Pathway analysis for intersection by sex and sample type
All subsequent pathway analyses were conducted by inputting the extracted gene lists into the web-based tool Enrichr [25] (https://maayanlab.cloud/Enrichr), with settings fixed to the default option, which includes the top 100 most relevant genes. For tissue samples, bins were selected based on proximity to CpG islands or a distance of less than 1500 base pairs from TSS. For the other groups, the same cut-off criteria were applied; however, to ensure sufficient input gene counts, bins were selected based on an OR condition for the defined thresholds. In the extended analysis, bins meeting the threshold of Kendall p-value < 0.01 and showing chromHMM status [26] differences between GM12878 and HepG2 were selected, and the corresponding gene list was used as input for downstream analyses. The results were based on the Kyoto Encyclopedia of Genes and Genomes (KEGG) 2021 Human database in Enrichr. KEGG served as the primary database for pathway analysis. When necessary for cross-validation, additional databases were incorporated, including WikiPathways 2024 Human and MSigDB Hallmark 2020.
Intergenic CpG site analysis
RefSeq gene data (hg19.ncbiRefSeq.gtf.gz) were downloaded from the UCSC Genome Browser (https://hgdownload.soe.ucsc.edu/goldenPath/hg19). After converting the data to BED format, the valid CpG bins identified earlier were annotated with their nearest gene using the “closest” function from the bedtoolsr package (ver 2.30.0.2). For CpG sites identified as intergenic, chromHMM status comparison was performed between GM12878 and HepG2 cell line data using the Core 15-state model from ENCODE/Broead, which was downloaded from the UCSC genome browser database, the same source used for Refseq data. The chromHMM status of each CpG bin was determined using the “intersect” function in bedtoolsr. The proportion of each chromatin state within each cell type was calculated and compared between fibrosis related groups or not. A gene list composed of genes nearest to bins showing >1.5-fold enrichment in chromatin state changes within fibrosis-related groups was used for pathway analysis.
Cell-type deconvolution
We used the wgbstools program (ver 0.2.0) from a previous study [10] to generate PAT files for pre-identified cell type marker regions from the BAM files of our entire sample set. Deconvolution was then performed using UXM software (ver 0.1.0) with a pre-calculated deconvolution table provided by the same study. For controls, we downloaded and used data from five hepatocyte tissue samples (excluding one with unclear sex) from the same study’s data (GSE186458; Liver-Hepatocytes). Additionally, for comparison, 30 samples from healthy cfDNA data, processed through the same WGMS procedure in the previous study [22], were randomly selected, and deconvolution was performed on their BAM files following the same process. Hierarchical clustering was conducted using the ComplexHeatmap (ver 2.14.0) library in R. The associations between key clinical variables and changes in cell type–specific proportions were analyzed using multivariable regression, implemented with the glm package in R. The significance of distribution differences between fibrosis groups for specific cell types was assessed using the stat_compare_means function from the ggpubr package (ver 0.6.0).
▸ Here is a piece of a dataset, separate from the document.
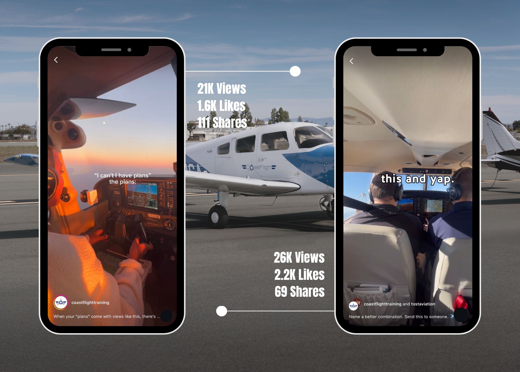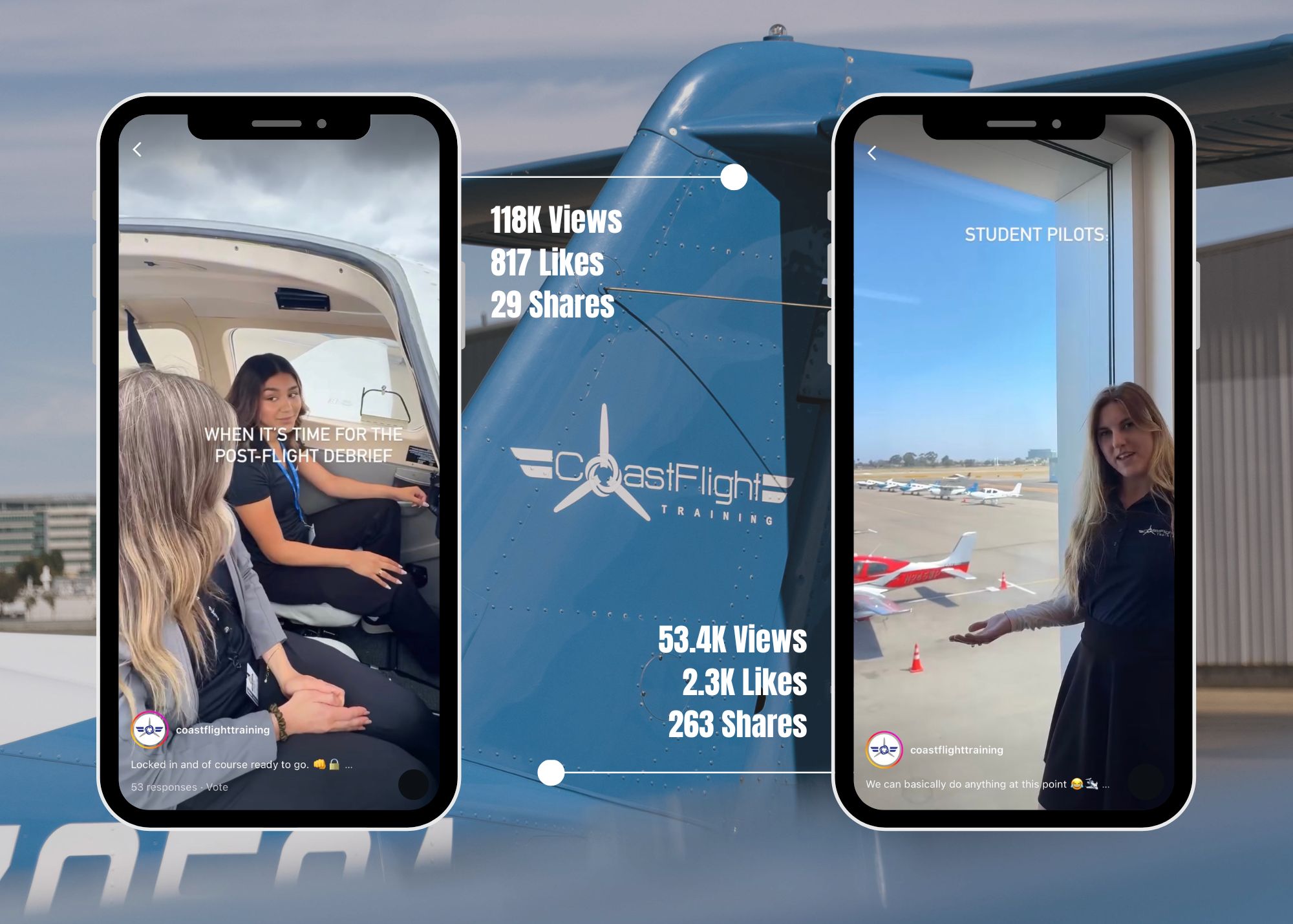 By utilizing the power of social media, we successfully raised their digital profile to match the quality of their exceptional flight school services and FBO offerings. This in turn has attracted new students from around the nation and increased their authority in the FBO space. Overall resulting in increased ROI from having a strategic social media plan across targeted platforms. The successful amplification of this brand has lead to securing other universities as clients, such as Texas State University's Aviation School and the State Center Community College District's study abroad program.

Comparison of observed methylation trends with previously known transmembrane 4 L six family member 5 (TM4SF5)–related changes and databases
To contrast our findings with previously known patterns of change in MASLD, we examined CpG methylation patterns in TM4SF5, a gene that has been extensively studied for its functional roles. Among the CpG bins located within the gene, we specifically filtered for those located in the first exon or first intron, as methylation in these regions is known to strongly correlate with gene expression. The selected CpG bins were manually verified. For comparison, 450K array and RRBS data near the relevant CpG sites were downloaded from the same UCSC hg19 database, focusing on data from HepG2 cells, GM12878 cells, and hepatocytes. We examined the methylation data of CpG sites within the CpG islands where the CpG sites identified in our data were located. The data values were converted to percentages according to standard definitions for consistency in comparison. Classification using all-group bins was performed with the tidymodels package in R, with xgboost selected as the modeling engine.
Statistical analysis
The statistical analysis was performed using R (version 4.1.1) software, and graphical visualization was performed using the “ggplot2” package. Unless otherwise specified, differences between two continuous variable groups were assessed using the Wilcoxon rank-sum test, and correlations were evaluated using Kendall’s tau correlation. A significance threshold of p < 0.05 was applied by default.
Results
Patient and sample characteristics
The composition of the study participants is shown in Table 1. Of the 38 individuals, 30 had both tissue and cfDNA samples available (paired), while the remaining 8 had only one of the two sample types. All MASLD samples were included in the analysis of the correlation between fibrosis stage and DNA methylation. Categorical variables for each individual are presented in Fig 1, while continuous variables are provided alongside categorical annotations in a separate table (S1 Table).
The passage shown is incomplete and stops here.